My child has bad friends: what to do

"Do not talk with Vanya, he is a badass! Katya has a dysfunctional family, such friendship will not teach anything good! And so that we will not see you next to Maxim either!" How often do parents disapprove of their child’s choice of friends? Is it right to intervene in these issues, or is it worth it to let your child decide with whom to communicate? In what situations is adult help still necessary, and where does it only harm?

“Unwanted” friends are children who are not like your child, whose behavior does not fit into the moral framework of society. How to convey to a child information with whom he should be friends, and with whom not. And how not to hurt his feelings?

My child has bad friends

At the youngest two-three year olds, children do not have a clear understanding of friendship, awareness comes already in school years. Toddlers communicate with those who happen to be nearby. The social circle is constantly changing and depends on what kind of sandbox a child plays today. When for some reason the parents are not satisfied with the environment of the baby, it is enough to change the place of walks. The child himself will not remember with whom he played yesterday. The situation is more complicated in kindergarten, where groups have already been formed, and the child spends a lot of time with other children. But here, in the usual sense, there is no friendship yet. Children quickly wean from each other.
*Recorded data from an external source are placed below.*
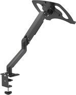 The customized solution for your workplace: this desk mount allows you to position your laptop in a space-saving and ergonomic way. The robust construction with integrated pneumatic spring can withstand loads of up to 9 kg. Thanks to the large, stable desk clamp (up to 60 mm wide), the entire mount can be quickly installed and used flexibly. Of course, the tray can be continuously tilted, rotated, and swiveled for a perfect viewing angle and a neck-friendly posture. In addition, the entire arm can be swiveled 360°. The integrated cable management also ensures a tidy and professional workplace.
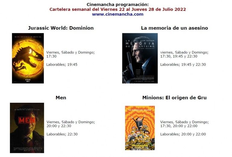 CARTELERA CINEMANCHA El Semanal 22 de julio de 2022 (15:15 h.) Del viernes 22 al jueves 28 de julio Leer más Relacionados CARTELERA CINEMANCHA
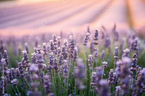 © Isymam, Naklejka premium Lavender field under soft diffused light focusing on rows of purple flowers
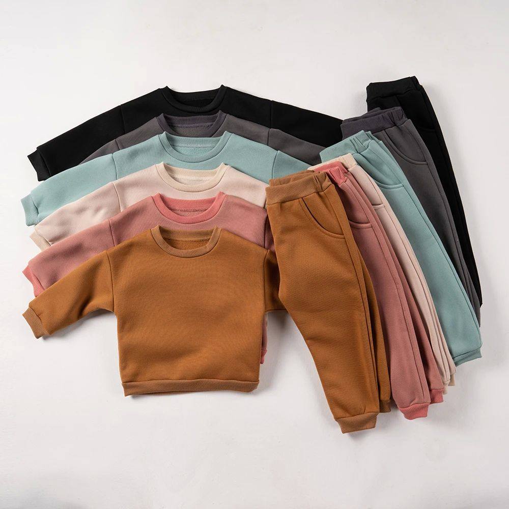2 ədəd Uşaq Geyim Dəstləri Bərk Qalınlaşdırıcı Yun İsti Sweatshirt
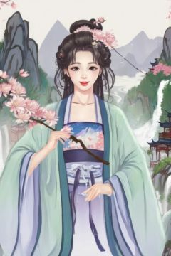 1girl, wavy hair, looking at viewer,holding a flower,upper body, floral print,ponytail, scenery,mountain waterfall, hanfu, chinese_painting
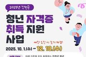 충북 진천군 청년센터는 10월부터 청년들의 직무 역량 강화와 진로 설계를 돕고 경제적 부담을 완화하기 위해 ‘청년 자격증 취득 지원사업’을 본격 시행한다고 9일 밝혔다. 이번 사업은 어학 20종, 한국사능력검정시험(기본·심화), 국가공인자격증 등 다양한 시험의 응시료를 지원하며, 자격증별 최대 10만 원까지 지원한다. 단, 운전면허시험은 지원 대상에서 제외되며, 기타 자세한 내용과 신청 방법은 진천군 청년센터 공식 블로그와 SNS(인스타) 채널을 통해 확인할 수 있다. 군 청년센터는 이번 사업을 통해 지역 청년들이 필요한 자격증을 취득하는 데 실질적인 도움을 주고, 지역 내 청년들의 진로 탐색과 경쟁력을 강화할 수 있을 것으로 기대하고 있다. 군 청년센터 관계자는 “청년들이 자격증 취득 과정에서 겪는 비용 부담을 줄여 안정적으로 미래를 준비할 수 있도록 지원하겠다”며 “앞으로도 청년들의 성장을 돕는 다양한 지원 정책을 지속적으로 추진해 나가겠다”고 말했다.
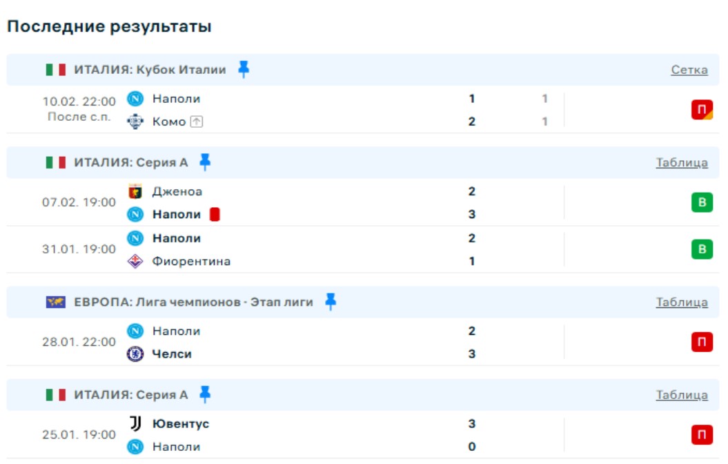 Последние игры Наполи
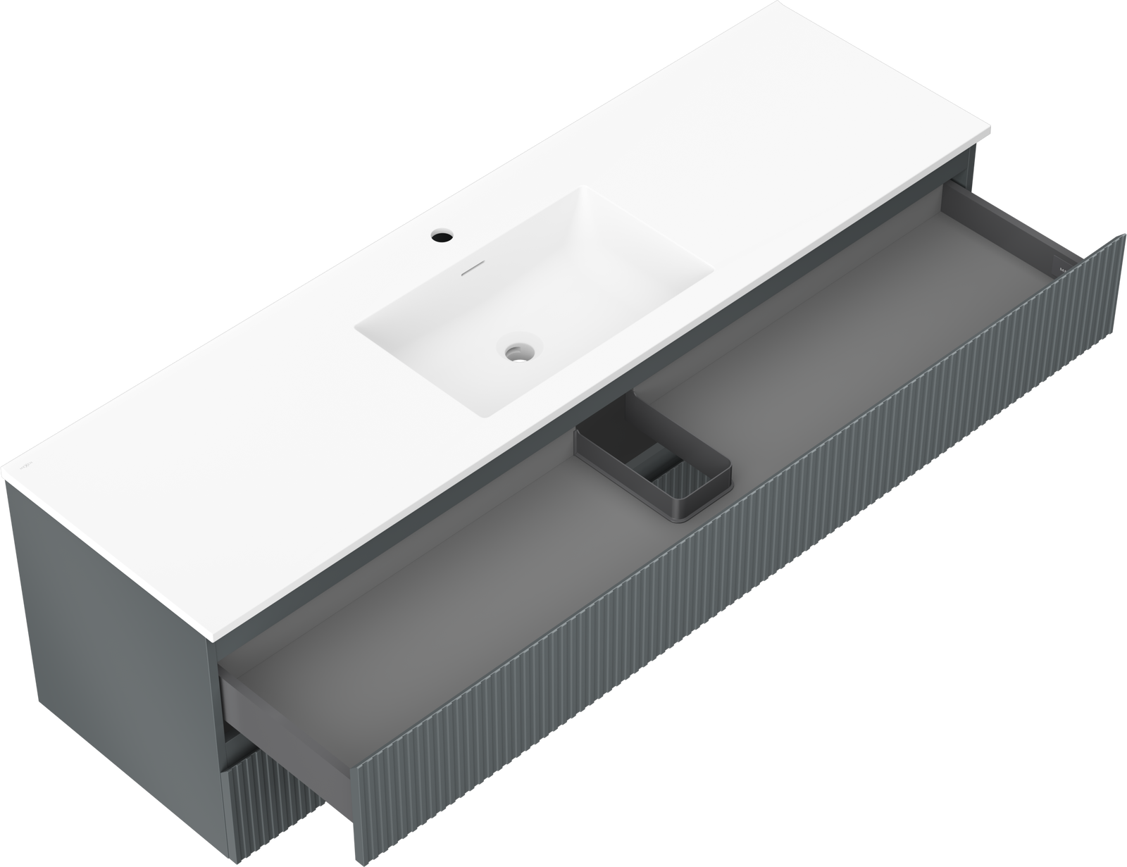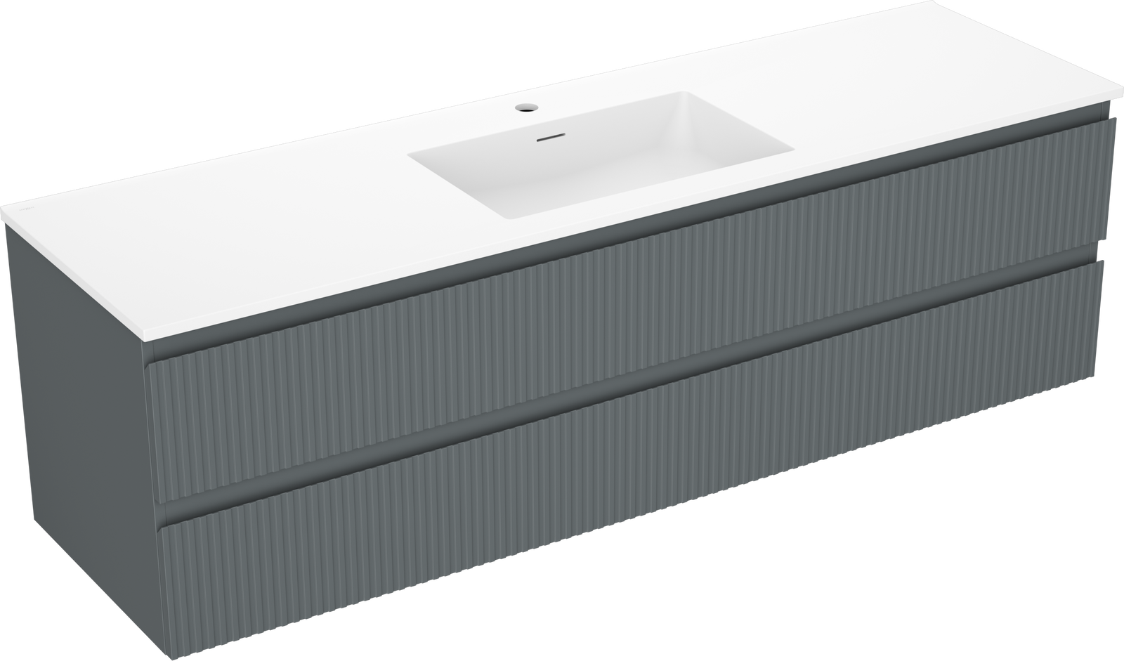 Mexen Rivel koupelnová skříňka 160 cm s umyvadlem Otis, 2 zásuvky, drážkovaná, grafit mat/bílá mat -

The first true friends appear at school, and it is quite difficult to influence the choice of a child.

How children choose friends at school

No wonder they say "you can’t deceive children." They are sincere in the manifestations of emotions and feel false in relation to themselves. From here we can single out the principles of the child’s choice of friends.

  1. Children are friends with those with whom they like to communicate. Boys and girls converge on the background of common interests and activities. Masha and Katya go dancing together, and Dima and Vasya play the same computer game. They have something to talk about and what to learn from each other.
  2. Schoolchildren do not look at religion and the material situation of a comrade. On the contrary, differences are of additional interest. A child from a wealthy family, sometimes you may want to know how ordinary people live, and a Christian becomes interested in the history of Islam. There is nothing terrible about this.
  3. Friendships often lack benefits. The child is unlikely to be friends only because someone is useful to him. Dvoechniki, of course, write off the excellent students, but they specially build units of themselves as great friends.
  4. Children are looking in friends for something that they themselves lack. If the child has contacted a bully, most likely, he lacks confidence. Complementing the qualities of each other. With age, an understanding of the self is formed, so children are less likely to imitate each other.

Look critically at the parenting methods that you use. If a child is attracted to “bad” children, then he involuntarily tries to draw courage and independence from them.Perhaps you are driving the child into too tight a framework, preventing him from turning around and feeling himself a personality. Scolding bullies so that the child is not friends with them, you can achieve the opposite effect. The inevitable stage of growing up is rebellion, from here they can disagree with you and communicate in spite.

how-children-choose-friends

Methods of interaction with the child

Friends are not chosen for nothing, there is always a reason. Your neighbor boy seems to be a little sloppy, but your son stubbornly talks to him. That's because he saw how he heroically rescued a kitten from the roof of a two-story house. Parents are not always able to discern the good qualities that children see. Try to be more attentive to the stories of the child, establish good relations with the parents of friends, watch the development of friendship from the side, but do not intervene without unnecessary necessity. Friendship and communication are the basis of development, and the parent's task is to gently guide the child in order to avoid negative consequences.

Emergencies in which there is a place for alcohol, drugs or offenses is a special case. Here you need to clearly define the boundaries.

An atmosphere of mutual understanding in the family will be a good help in the processes of influence. When a child willingly shares experiences and talks about new acquaintances, it is easier to control the situation. If your friends do not seem very good to you, do not rush to conclusions. A bully can be a true friend, and a loser can be a successful athlete. Let the child invite a friend to his home. This will provide an opportunity to meet in person and draw the right conclusions about the person.

Take a closer look at how they communicate among themselves, whether there are elements of imitation. If you identify a negative impact on your child, when, for example, there is an unequal relationship between them and someone obeys someone, talk to him tactfully. Inadvertently, tell a story from personal experience, albeit a fictional one, about what you fear. Your task is to give the child information, to warn him, leaving the choice to him. Try to talk more about relationships. Talk about what real friendship should be. So the child will be easier to navigate in a particular situation.